Librettiste de Bedřich Smetana

'Hubička',  photo: Mladá fronta
Eliška Krásnohorská laissera aussi une trace profonde dans l’art lyrique tchèque en tant que librettiste d’opéras de plusieurs compositeurs, dont Bedřich Smetana. L’anthologie de Libuše Heczková comprend plusieurs réactions de la critique à son œuvre de librettiste adulée par les uns et décriée par les autres. La polémique sur la qualité de ses livrets pour les opéras de Bedřich Smetana « Hubička » (Le baiser), « Tajemství « (Le secret) et Čertova stěna (Le mur du diable) se poursuit encore aujourd’hui. Libuše Heczková explique certaines circonstances de la collaboration entre Bedřich Smetana et sa librettiste :

« Quand elle a écrit le livret de l’opéra Hubička d’après un conte de Karolína Světlá, ça a été un grand succès. En même temps surgissait une grande question liée avec la perception de l’œuvre de Richard Wagner chez nous. On se demandait si Smetana n’était pas trop lyrique et si ce n’était pas dans une certaine mesure la faute des livrets trop lyriques d’Eliška Krásnohorská. Et cette polémique s’est intensifiée pour culminer après la première de l’opéra Čertova stěna (Le mur du diable), le dernier opéra achevé de Smetana. (…) La version définitive de ce livret est marquée par de nombreuses interventions du compositeur. Eliška Krásnohorská s’est efforcée d’adapter le livret aux exigences de Smetana et la structure intérieure de l’opéra s’est désagrégée. »

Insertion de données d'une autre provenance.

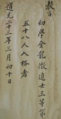 고문서-교령류-백패 정치·행정-과거-백패 114책 제주 진주강씨·곡산강씨·김해김씨·경주김씨·제주고씨·동래정씨 고문서-고문서-김해김씨-김용징 후손가-교령류-백패 1843년 김용징(金龍徵) 진사 백패(進士白牌) 헌종 김용징 1843 제주특별자치도 제주시 애월읍 납읍리 -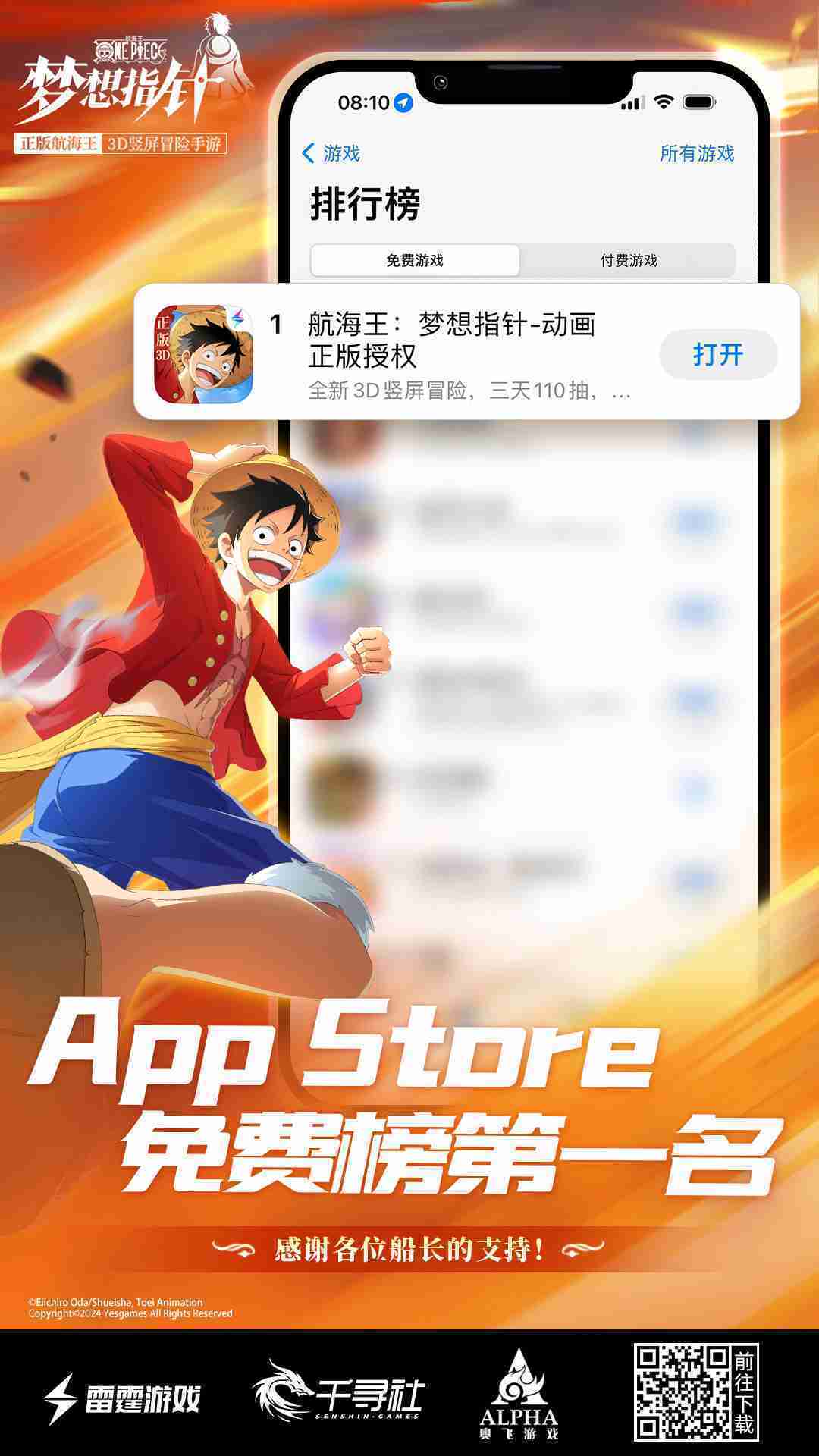 《航海王::::梦想指针》登顶App Store免费榜,,公测福利汇总!!!!
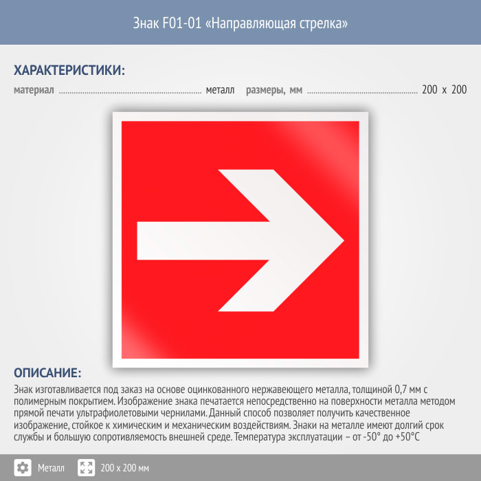 Знак F01-01 «Направляющая стрелка» (металл, 200х200 мм) в Омске купить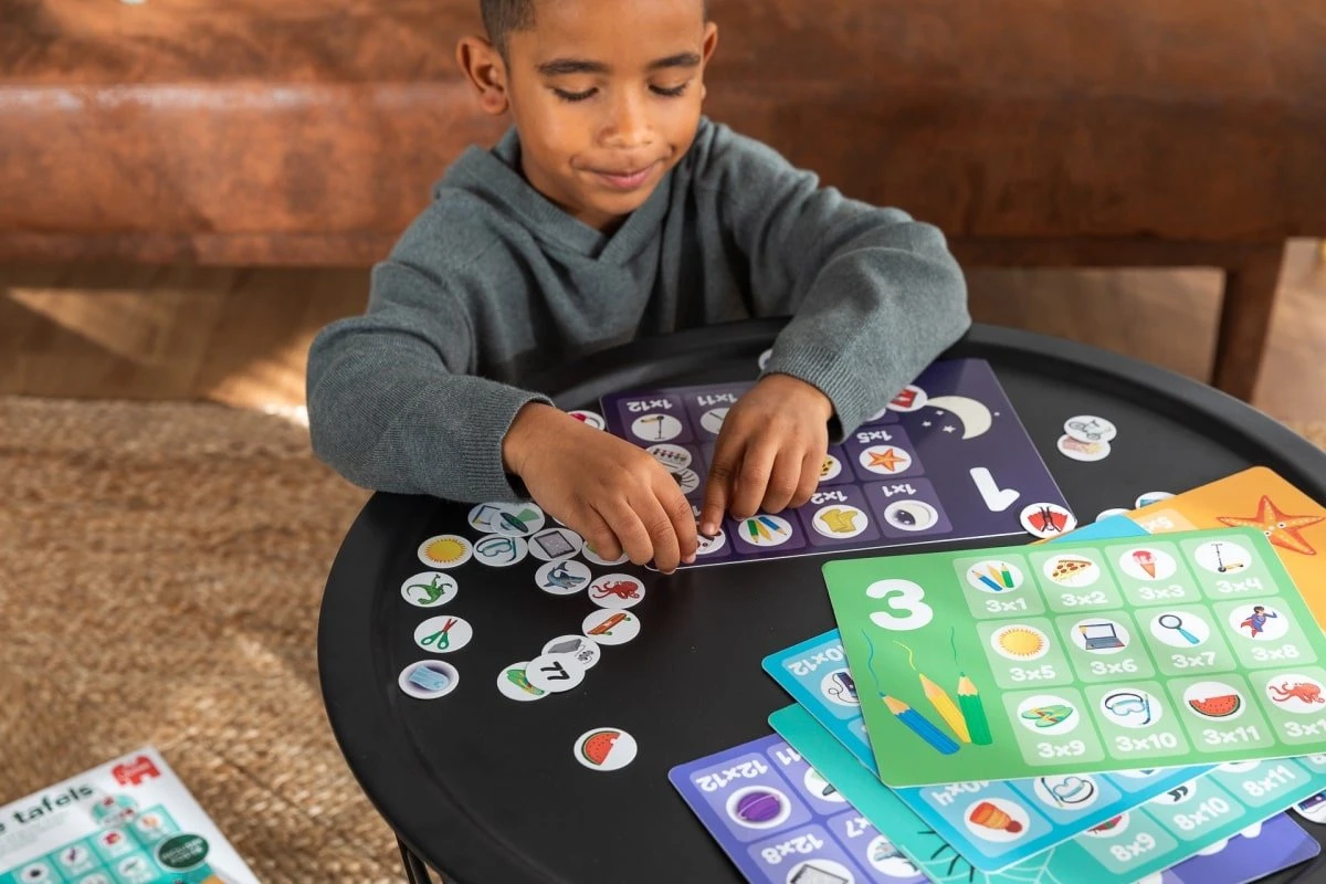 Leer met behulp van 2 spelletjes en de poster de tafels van 1 tot en met 10. Weet jij de antwoorden op de sommen? Zoek de juiste getal-fiches en leg ze op de kaart. Controleer je uitkomst door het fiche om te draaien. Komt het plaatje overeen? Dan is het antwoord goed! Inhoud: 5 dubbelzijdige tafelkaarten 42 getal-fiches dubbelzijdige tafelposter Spelregels Ontworpen en gefabriceerd in Nederland

Après la première de l’opéra, Eliška Krásnohorská est accusée d’avoir écrit un mauvais livret mais la critique ne tient pas compte du fait que Smetana, déjà sourd et malade, a remanié et altéré le travail de sa librettiste. Toujours est-il que les opéras écrits par Bedřich Smetana sur les deux premiers livrets d'Eliška Krásnohorská étaient et sont encore considérés comme des sommets de l’art lyrique tchèque et, depuis leurs premières, n’ont jamais quitté le répertoire des théâtres tchèques.

Le lycée Minerva

Malgré sa fragilité apparente et sa santé précaire, Eliška Krásnohorská est pendant une grande partie de sa vie une personnalité qui s’exprime avec pertinence et courage sur les problèmes littéraires, mais aussi sur les affaires publiques. Elle poursuit aussi l’œuvre de son amie Karolína Svetlá, partage ses idées féministes et se lance dans le combat pour le droit des femmes à l’instruction. L’anthologie de Libuše Heczková reflète également les réactions à cette importante partie de ses activités :

« Les contemporains d’Eliška Krásnohorská se sont divisés dès le début en deux camps. La moitié composée de femmes mais aussi de certains hommes louait ses activités, l’autre moitié les condamnait sans merci. (…) Pendant toute sa vie, Eliška a agacé beaucoup d’hommes et de femmes aussi parce qu’elle était vraiment impertinente. Ses articles et ses propos sur ses ennemis étaient insolents car souvent elle n’était pas très diplomatique. D’autre part, elle savait très bien susciter le respect pour ses activités et c’est sans doute pour cette raison qu’elle a réussi à inaugurer à Prague, après dix ans d’efforts, le premier lycée de jeunes filles tchèque Minerva. Elle a eu recours à toutes les possibilités que lui offrait sa situation dans la vie publique et même à des stratagèmes secrets pour pouvoir réaliser ce projet qui était son initiative privée. »

L'ancien lycée Minerva,  photo: Google Maps
Grâce à cette initiative d’Eliška Krásnohorská, les jeunes filles tchèques peuvent étudier au lycée ce qui leur ouvre aussi l’accès aux études universitaires. Sa persévérance couronnée par cette réussite finit par éveiller le respect même des critiques de son œuvre littéraire.

Vers la fin de sa vie, Eliška Krásnohorská devient un personnage quasi légendaire. Retirée du monde et loin des avant-gardes du début du XXe siècle, elle peut se retourner avec fierté sur son passé et son œuvre car elle a été la figure de proue de deux émancipations, celle de la femme et celle de la langue tchèque.